■ AIM OF THE TASK ■
Write out word for word each line of the records, beginning at the first and stopping after the line with "GeoFlora Harmony Muslin". Leave the pictures out.

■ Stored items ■
......
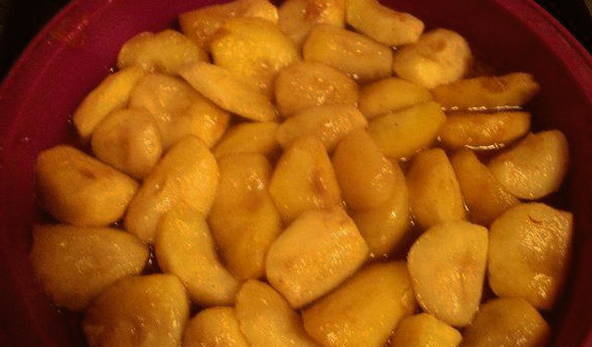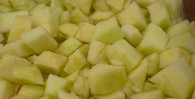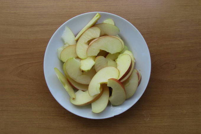 - Mix alles tot een glad geheel. We wassen de appels, schillen ze, verwijderen het klokhuis en snijden ze in gelijke delen. Voeg een klein stukje boter toe aan de appels en stuur ze 3 minuten. in de magnetron. Dit geeft ze zachtheid.
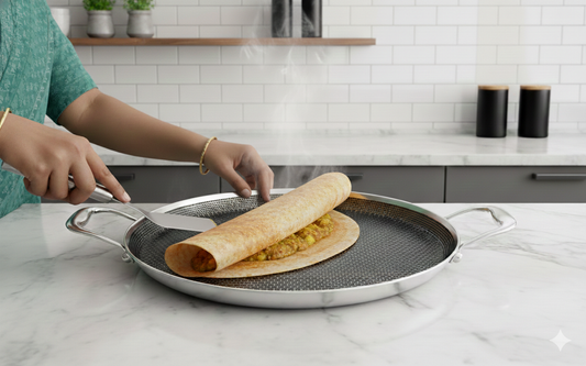 Stahl Artisan Schild | 30 cm Dosa Tawa Triply Stainless Steel + PEEK-Reinforced Non-Stick Dosa Tawa
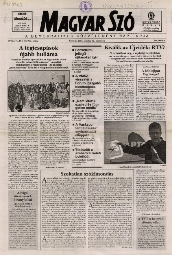 Magyar Szó, 58. évf. 2001. október 11. 234. sz. 1–16. oldal
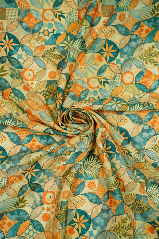 GeoFlora Harmony Muslin Geometric Floral Printed Fabric
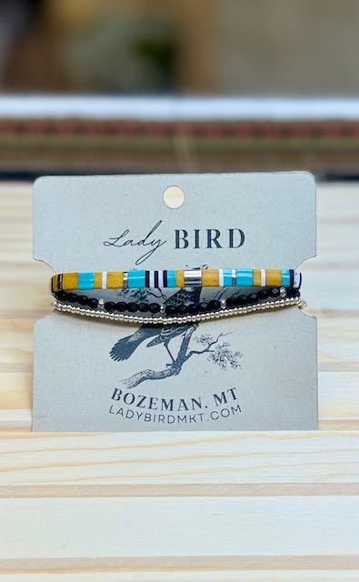 Add bold boho flair to your wrist with our Yellow, Turquoise & Zebra Striped Tila Bead Stretch Bracelet, paired with a sleek black Czech glass two-wrap bracelet for the ultimate layered look. Handmade with Japanese Miyuki Tila beads, this set is vibrant, durable, and effortlessly stylish.
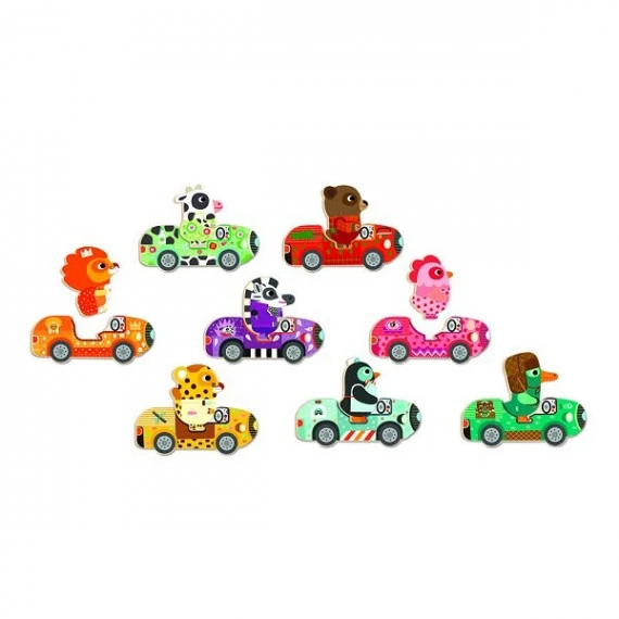 Bolidanimo est un jeu de 8 puzzles de 2 pièces que l’enfant dès 2 ans va s’amuser à reconstituer : chaque animal possède son bolide.
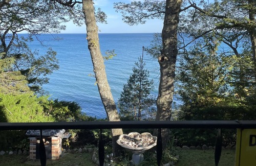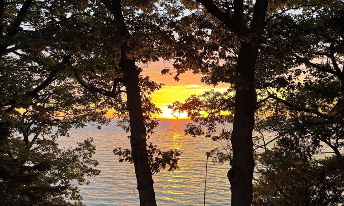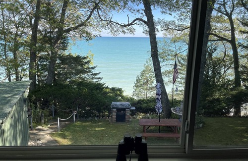Our home has an amazing view of Lake Huron, along with a fantastic private beach! Beautiful views from Lake Huron bluff with large cabin sauna, cold plunge, and outdoor shower. Right across the street is the Greenbush public golf course. There are about 50 steps (stairs) from the backyard down to the beach with fire pit. Greenbush is between Tawas and Alpena, 15 min drive from Oscoda.
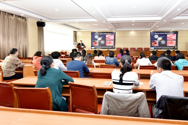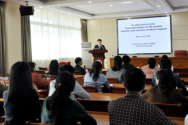 聘任仪式结束后,两位专家在办公楼四楼西会议室分别作了精彩的学术报告。Antonios G. Mikos院士以“Biomaterials for Tissue Engineering and Regenerative Medicine”为题,简要介绍了一系列用于组织工程和再生医学的生物材料的应用情况、优缺点及作用机制。In-Seop Lee教授以“In vitro and in vivo characterization of 3D printed metallic and ceramic medical implant”为题,介绍了3D打印的金属和陶瓷医用植入物体外和体内表征及其应用前景。两位专家的报告内容丰富、深入浅出,为与会者带来了前沿的科学知识和研究思路。
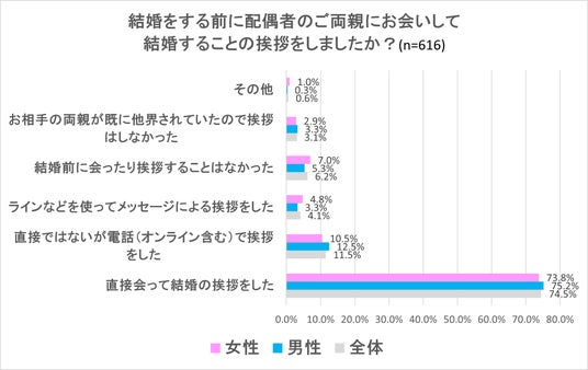 (1)既婚男女74.5%は結婚前に相手の両親に「直接会って結婚の挨拶」をしている!
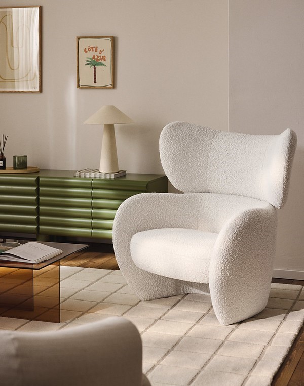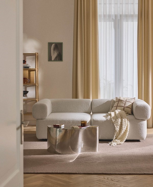 V rámci kolekcie Westwing zachytáva túto náladu modulárna pohovka Wolke (oblak) svojou plávajúcou siluetou pripomínajúcou oblak – dizajnom, ktorý premieňa jemnosť do tvaru aj pocitu. Tento zmysel pre nežnú jasnosť pokračuje aj v ďalších kúskoch Westwing Collection, ktoré atmosféru Cloud Dancer interpretujú aj prostredníctvom objemu, textúry a rafinovanej jednoduchosti: od mäkko čalúnenej siluety postele Tayla, ktorá prináša do spálne pokojný výraz, cez sochársku jemnosť lampy Keani, ktorej skladaná forma pripomína nenápadné zvlnenie vzduchu; od čistých, súčasných línií stoličky Calan, kde sa jednoduchosť mení na charakter, až po harmonický základ stola Sahra, kde zaoblené objemy a hladké povrchy vytvárajú vyrovnanú kompozíciu. Posteľná bielizeň Thany ponúka najintímnejšiu interpretáciu tejto palety – hmatateľnú mäkkosť, ktorá mení spálňu na pokojný, svetlom presvetlený úkryt.
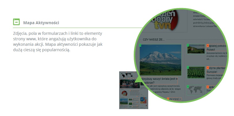 Mapa aktywności elementów dostarcza właścicielowi strony informacji o tym, ile razy użytkownicy klikali w obiekty takie jak formularze, pliki graficzne i linki. Dostarczone dane dają odpowiedź, czy przyciski były skutecznie użyte i czy cieszą się one zainteresowaniem. Analityka strony obejmuje również dane związane z tym w jaki sposób strona jest przewijana, czyli w której jej części użytkownik spędził najwięcej czasu. Raport scroll mapy wskazuje, czy ulokowanie CTA jest właściwe czy też w danej lokalizacji jest on słabo widoczny.
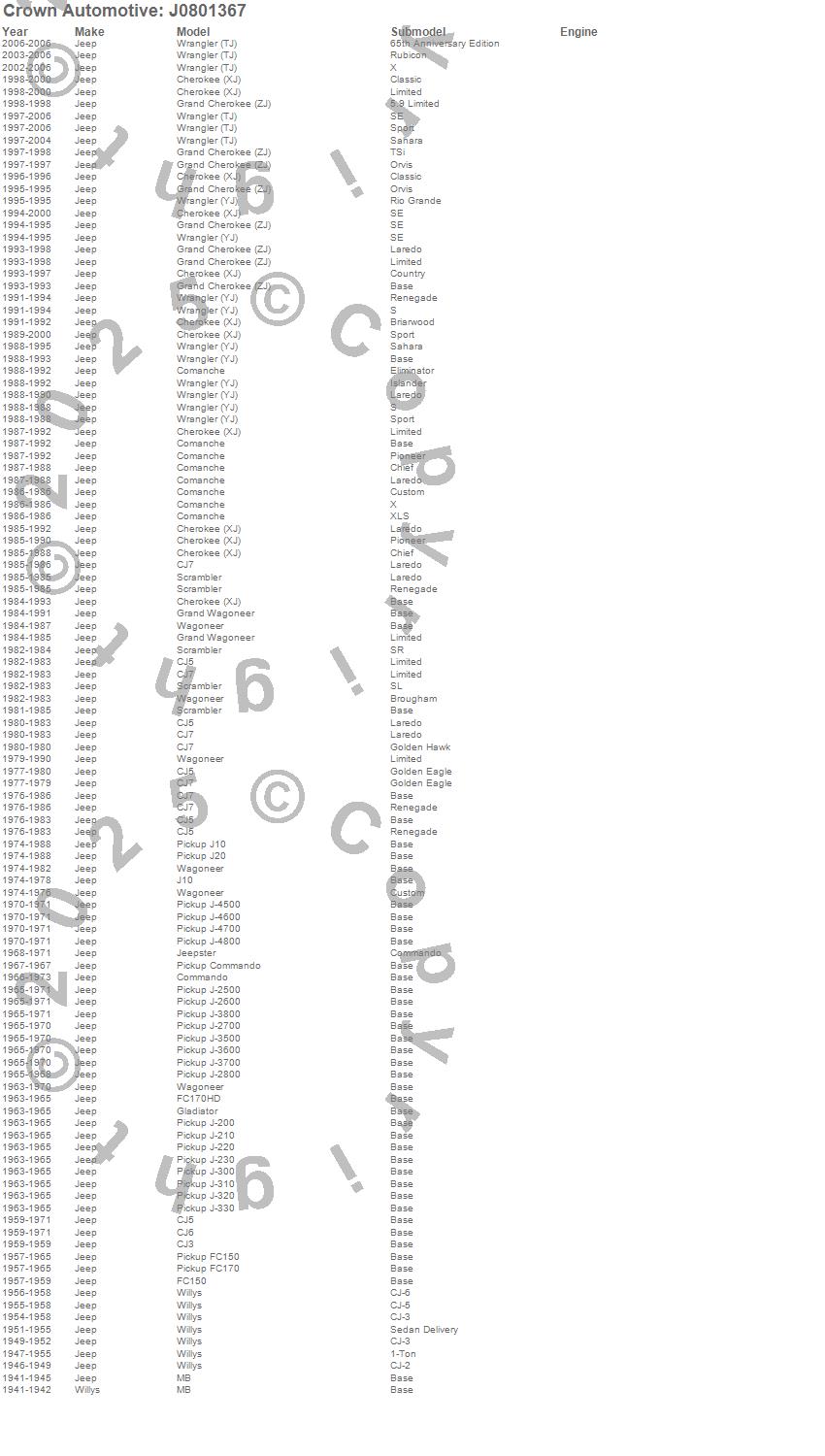 1-Ton Pickup, Cherokee (XJ), CJ-2A, CJ-3A, CJ-3B, CJ5, CJ6, CJ7, Comanche, Commando, FC150, FC170, FC170HD, Gladiator, Grand Cherokee (ZJ), Grand Wagoneer, J-200, J-210, J-220, J-230 more…
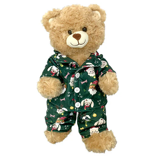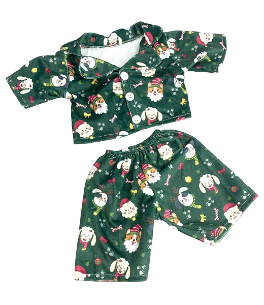 Pyjama de Noël vert sapin avec motifs pour peluche 40 cm Pour de moments magiques et uniques, habillez votre peluche avec la tenue de votre choix parmi une large sélection de vêtements.
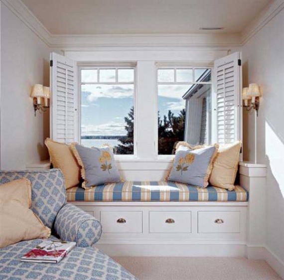 Изумительные залитые солнцем окна – это идеальные места, чтобы разложить подушки, поставить поднос с любимым напитком, положить мягкое покрывало и может быть пару книг. Обустроив оконный проем, вы можете увеличить число посадочных мест в доме.
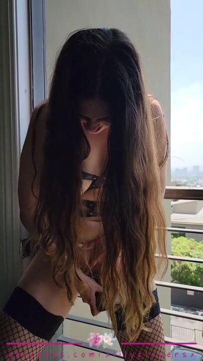 Tattooed Naughty Amateur Solo MILF Fucks and Sucks BBC Dildo on Hotel Balcony
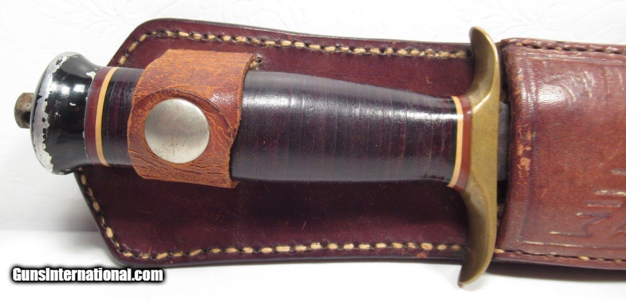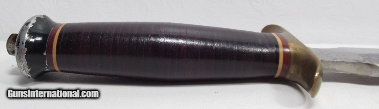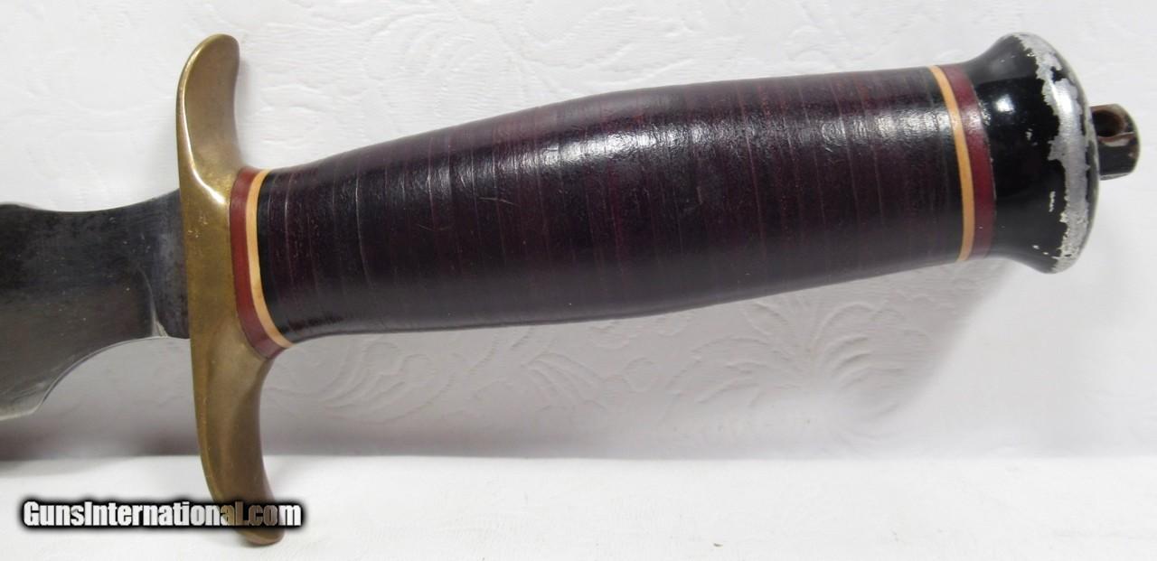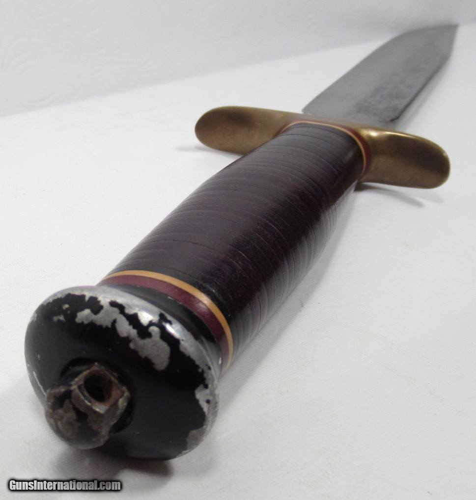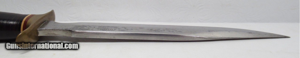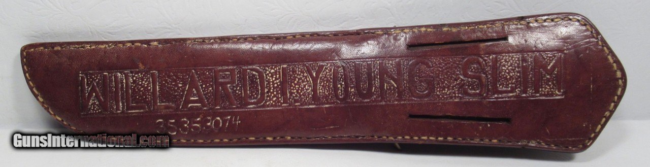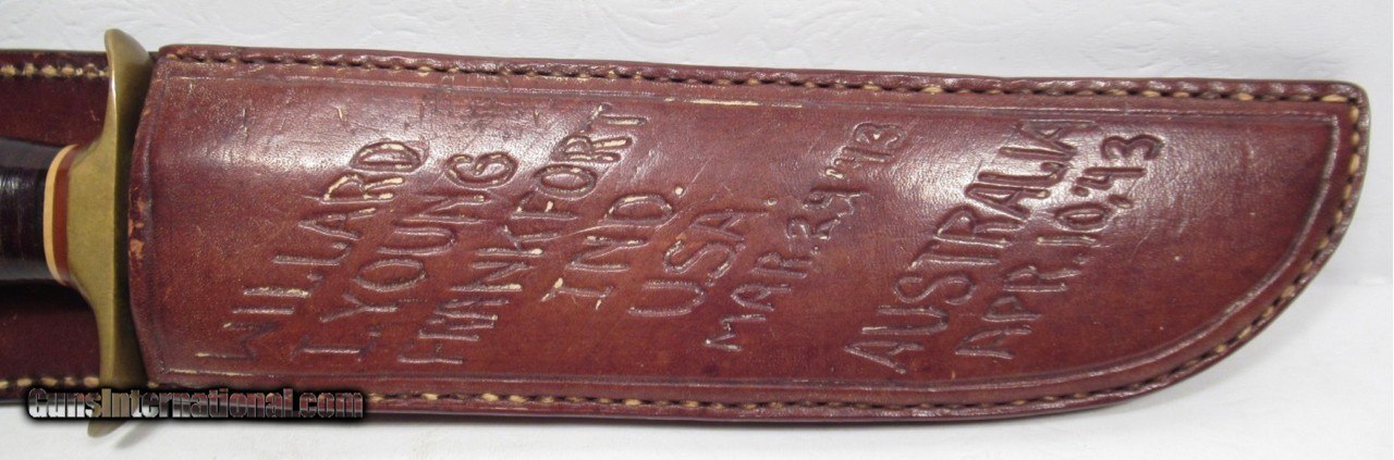 Description: SALE PENDING!!!Randall Model 1 WWII Era Knife; 8” Blade with Neat Sheath; Springfield Mass. Made; Identified to Warrant Officer Willard I. “Slim” Young from Frankfort Indiana; Service #35353074; Enlisted May 5, 1942; Prior occupation was Shoemaker & Shoe repairman; Thus the Great Work on Sheath; Price Includes Insured Shipping; Attention Texas Buyers: We Must Collect 6.75% Sales Tax; SOLD |
......
■ RESPONSE BOX ■
 - Mix alles tot een glad geheel. We wassen de appels, schillen ze, verwijderen het klokhuis en snijden ze in gelijke delen. Voeg een klein stukje boter toe aan de appels en stuur ze 3 minuten. in de magnetron. Dit geeft ze zachtheid.
 Stahl Artisan Schild | 30 cm Dosa Tawa Triply Stainless Steel + PEEK-Reinforced Non-Stick Dosa Tawa
 Magyar Szó, 58. évf. 2001. október 11. 234. sz. 1–16. oldal
 GeoFlora Harmony Muslin Geometric Floral Printed Fabric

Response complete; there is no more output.